아래 명령어로 **<font color='red'>SageMaker 관련 API 호출 없이</font>** 로컬 노트북 인스턴스 환경에서 1 epoch만 학습해 봅니다. 참고로, MacBook Pro(15-inch, 2018) 2.6GHz Core i7 16GB 사양에서 2분 20초~2분 40초 소요됩니다.

In [2]:
%%time
!mkdir -p logs
!python training_script/cifar10_keras_ddp_tf2.py --model_dir ./logs \
                                         --train data/train \
                                         --validation data/validation \
                                         --eval data/eval \
                                         --epochs 1
!rm -rf logs

Step #0	Loss: 14.399995
Step #10	Loss: 14.481102
Step #20	Loss: 14.964404
Step #30	Loss: 14.229256
Step #40	Loss: 14.984791
CPU times: user 114 ms, sys: 71 ms, total: 185 ms
Wall time: 9.55 s


**<font color='blue'>본 스크립트는 SageMaker상의 notebook에서 구동하고 있지만, 여러분의 로컬 컴퓨터에서도 python과 jupyter notebook이 정상적으로 인스톨되어 있다면 동일하게 수행 가능합니다.</font>**

# (2) Use TensorFlow Script Mode



### Test your script locally (just like on your laptop)

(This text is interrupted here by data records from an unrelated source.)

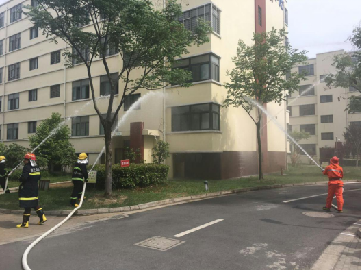 14:20分,園區(qū)公舍2號宿舍樓冒起滾滾濃煙,隨即刺耳的火災(zāi)警報(bào)聲響徹園區(qū),義務(wù)消防戰(zhàn)斗人員接到指示立即啟動消防三輪車奔赴火災(zāi)現(xiàn)場。不到一分鐘時(shí)間,一至六層的租戶在疏散人員的帶領(lǐng)下掩住口鼻,彎著腰,有序地從宿舍的消防安全通道逃生。隨即,消防戰(zhàn)斗人員按照指示迅速開啟消防水泵對“起火”后的宿舍樓進(jìn)行快速滅火,救護(hù)人員隨即趕到現(xiàn)場參加救護(hù),演練持續(xù)近五分鐘后圓滿完成。
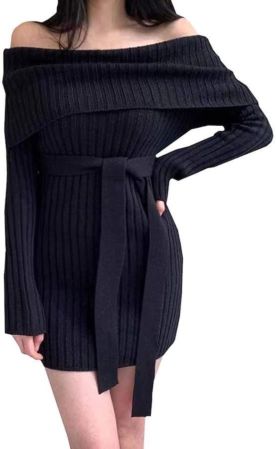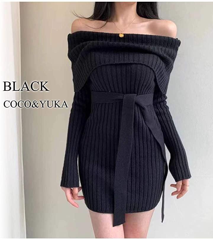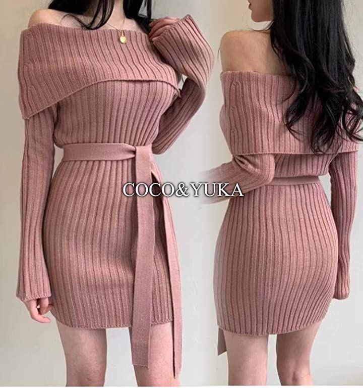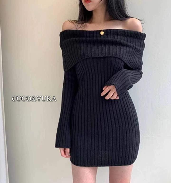 ・肩だし オフショルダー の かわいい タイト ワンピース です・ 長袖 リブニット で 冬 でも あたたかくいられます。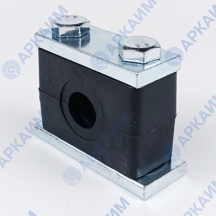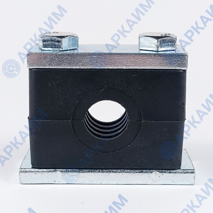 Конструкция зажима включает две колодки из нейлона, стягиваемые винтами М10 между двух металлических пластин, одна из которых приваривается к рабочей поверхности. Изделие в сборе образует отверстие под трубу с наружным диаметром 24 мм и может эксплуатироваться при температуре от -40 до +120 °С.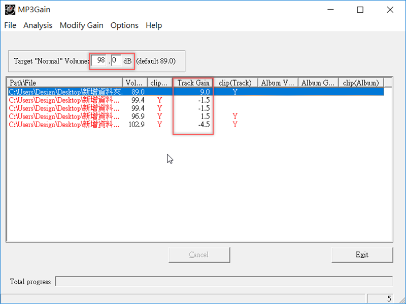 分析的結果出爐,阿湯這邊設的音量標準化大小為 98dB (預設是 89dB 可自行調整),果然檔案之間的音量差異有點大,可以看到音軌增益的那排數字從 -4.5 到 9 之間都有,難怪耳朵受不了。

테스트를 위해 위와 동일한 명령(command)으로 새 스크립트를 실행하고, 예상대로 실행되는지 확인합니다. <br>
SageMaker TensorFlow API 호출 시에 환경 변수들은 자동으로 넘겨기지만, 로컬 주피터 노트북에서 테스트 시에는 수동으로 환경 변수들을 지정해야 합니다. (아래 예제 코드를 참조해 주세요.)

```python
%env SM_MODEL_DIR=./logs
```

In [8]:
%%time
!mkdir -p logs   

# Number of GPUs on this machine
%env SM_NUM_GPUS=1
# Where to save the model
%env SM_MODEL_DIR=./logs
# Where the training data is
%env SM_CHANNEL_TRAIN=data/train
# Where the validation data is
%env SM_CHANNEL_VALIDATION=data/validation
# Where the evaluation data is
%env SM_CHANNEL_EVAL=data/eval

!python training_script/cifar10_keras_sm_ddp_tf2.py --model_dir ./logs --epochs 1
!rm -rf logs

env: SM_NUM_GPUS=1
env: SM_MODEL_DIR=./logs
env: SM_CHANNEL_TRAIN=data/train
env: SM_CHANNEL_VALIDATION=data/validation
env: SM_CHANNEL_EVAL=data/eval
Step #0	Loss: 4.030188
Step #10	Loss: 2.626105
Step #20	Loss: 2.318017
Step #30	Loss: 2.091323
Step #40	Loss: 2.048301
CPU times: user 157 ms, sys: 50.4 ms, total: 207 ms
Wall time: 11.6 s


# (3) Use SageMaker local for local testing


In [6]:
import os
import sagemaker
from sagemaker import get_execution_role

sagemaker_session = sagemaker.Session()

role = get_execution_role()

`sagemaker.tensorflow` 클래스를 사용하여 SageMaker Python SDK의 Tensorflow Estimator 인스턴스를 생성합니다.
인자값으로 하이퍼파라메터와 다양한 설정들을 변경할 수 있습니다.

자세한 내용은 [documentation](https://sagemaker.readthedocs.io/en/stable/using_tf.html#training-with-tensorflow-estimator)을 확인하시기 바랍니다.

In [7]:
from sagemaker.tensorflow import TensorFlow
estimator = TensorFlow(base_job_name='cifar10',
                       entry_point='cifar10_keras_sm_ddp_tf2.py',
                       source_dir='training_script',
                       role=role,
                       framework_version='2.0.0',
                       py_version='py3',
                       script_mode=True,
                       hyperparameters={'epochs' : 1},
                       train_instance_count=1, 
                       train_instance_type='local')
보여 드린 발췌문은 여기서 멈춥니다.